Give again, word for word, the lines below that run from the line with "Hliníková skříň na" through the line with "Auf einer Ovalplinthe". Drop the pictures.

Materials provided: Begin

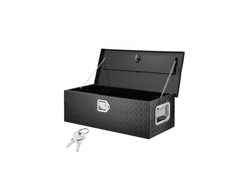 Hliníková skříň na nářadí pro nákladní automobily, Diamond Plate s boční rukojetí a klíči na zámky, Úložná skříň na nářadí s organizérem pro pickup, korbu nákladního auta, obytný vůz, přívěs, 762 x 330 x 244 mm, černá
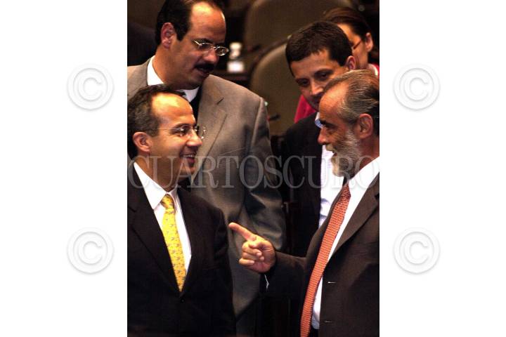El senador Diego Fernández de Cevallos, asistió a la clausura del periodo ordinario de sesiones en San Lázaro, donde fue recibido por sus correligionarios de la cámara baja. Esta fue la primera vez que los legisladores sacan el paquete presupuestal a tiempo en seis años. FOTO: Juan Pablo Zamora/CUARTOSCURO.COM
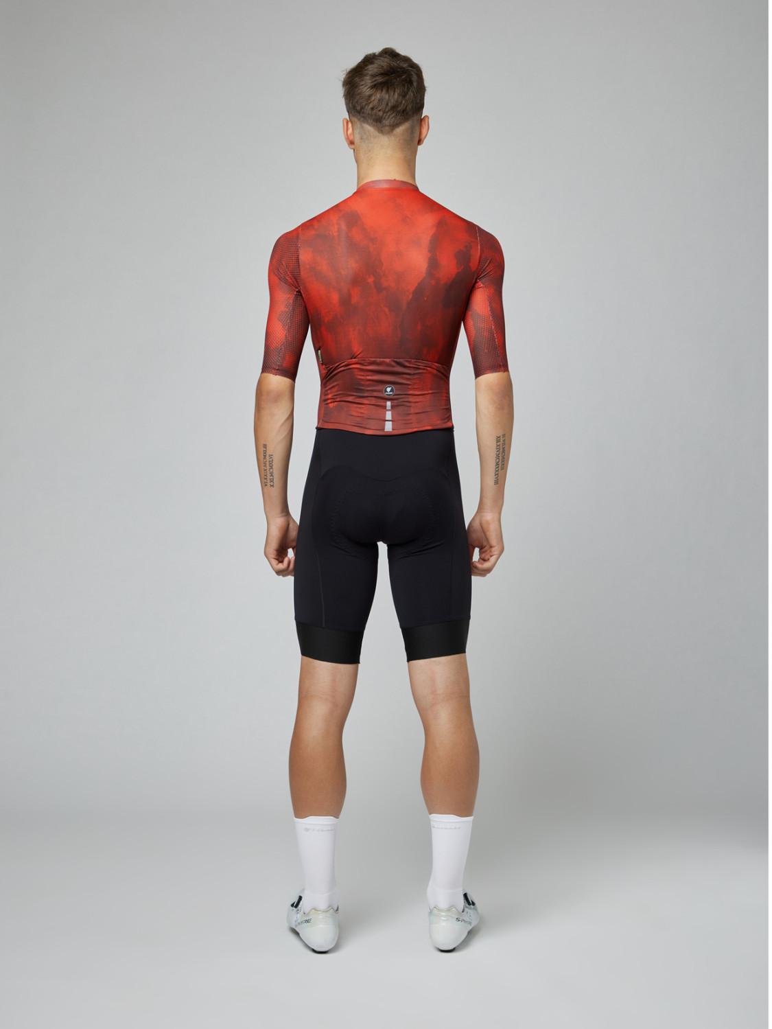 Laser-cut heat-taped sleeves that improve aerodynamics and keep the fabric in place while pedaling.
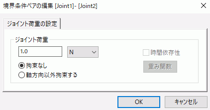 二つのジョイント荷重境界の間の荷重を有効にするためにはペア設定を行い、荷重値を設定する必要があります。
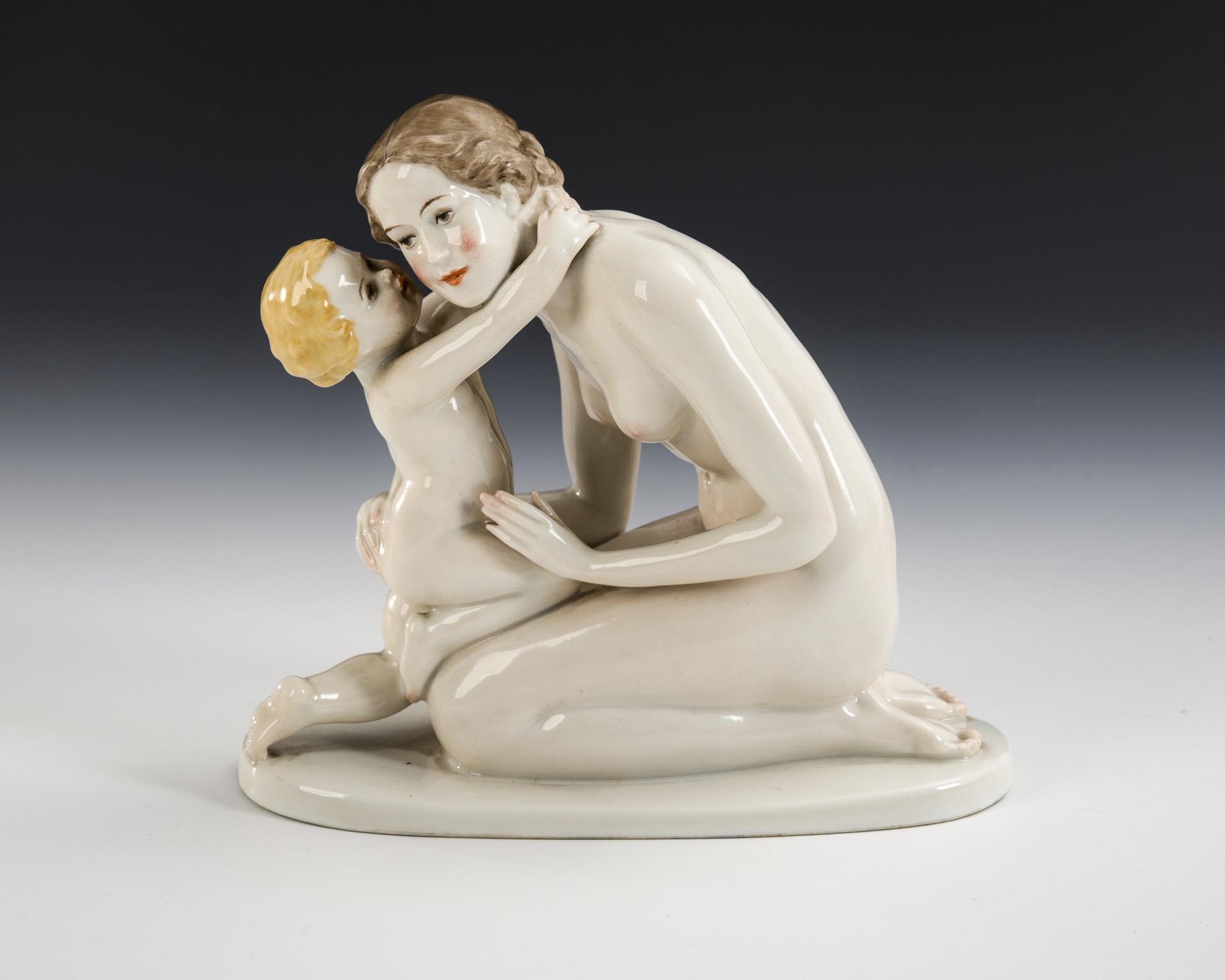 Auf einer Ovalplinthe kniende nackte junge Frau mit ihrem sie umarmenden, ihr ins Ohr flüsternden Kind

Materials provided: End
Materials provided: Begin

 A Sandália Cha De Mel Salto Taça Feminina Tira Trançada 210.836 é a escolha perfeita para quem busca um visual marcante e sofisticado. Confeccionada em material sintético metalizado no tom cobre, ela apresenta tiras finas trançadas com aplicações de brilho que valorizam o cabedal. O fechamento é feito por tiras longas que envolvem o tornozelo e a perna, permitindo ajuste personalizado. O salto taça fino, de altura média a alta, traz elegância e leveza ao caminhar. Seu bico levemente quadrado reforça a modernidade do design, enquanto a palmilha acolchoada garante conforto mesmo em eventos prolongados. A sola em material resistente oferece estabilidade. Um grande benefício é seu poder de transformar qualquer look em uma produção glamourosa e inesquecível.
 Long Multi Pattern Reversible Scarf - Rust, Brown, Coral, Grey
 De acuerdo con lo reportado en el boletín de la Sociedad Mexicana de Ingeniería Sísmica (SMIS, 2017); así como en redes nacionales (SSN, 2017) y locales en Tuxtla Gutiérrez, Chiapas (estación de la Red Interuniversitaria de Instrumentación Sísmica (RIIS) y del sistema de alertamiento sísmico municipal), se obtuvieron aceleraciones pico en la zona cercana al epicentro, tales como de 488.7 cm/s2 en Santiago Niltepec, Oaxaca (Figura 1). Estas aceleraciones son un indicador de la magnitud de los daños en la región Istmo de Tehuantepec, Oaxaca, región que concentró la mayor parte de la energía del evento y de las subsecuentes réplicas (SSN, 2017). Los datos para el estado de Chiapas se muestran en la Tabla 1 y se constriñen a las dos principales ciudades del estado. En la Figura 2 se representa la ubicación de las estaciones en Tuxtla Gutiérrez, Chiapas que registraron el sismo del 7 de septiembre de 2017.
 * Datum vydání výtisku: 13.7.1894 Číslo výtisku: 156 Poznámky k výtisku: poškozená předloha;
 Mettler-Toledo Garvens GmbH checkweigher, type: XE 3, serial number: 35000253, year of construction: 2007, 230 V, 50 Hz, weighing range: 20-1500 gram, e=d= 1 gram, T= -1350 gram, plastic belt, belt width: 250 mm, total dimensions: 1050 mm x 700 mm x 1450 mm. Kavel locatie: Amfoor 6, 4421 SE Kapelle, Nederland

Materials provided: End

**Task result:**
 Hliníková skříň na nářadí pro nákladní automobily, Diamond Plate s boční rukojetí a klíči na zámky, Úložná skříň na nářadí s organizérem pro pickup, korbu nákladního auta, obytný vůz, přívěs, 762 x 330 x 244 mm, černá
El senador Diego Fernández de Cevallos, asistió a la clausura del periodo ordinario de sesiones en San Lázaro, donde fue recibido por sus correligionarios de la cámara baja. Esta fue la primera vez que los legisladores sacan el paquete presupuestal a tiempo en seis años. FOTO: Juan Pablo Zamora/CUARTOSCURO.COM
 Laser-cut heat-taped sleeves that improve aerodynamics and keep the fabric in place while pedaling.
 二つのジョイント荷重境界の間の荷重を有効にするためにはペア設定を行い、荷重値を設定する必要があります。
 Auf einer Ovalplinthe kniende nackte junge Frau mit ihrem sie umarmenden, ihr ins Ohr flüsternden Kind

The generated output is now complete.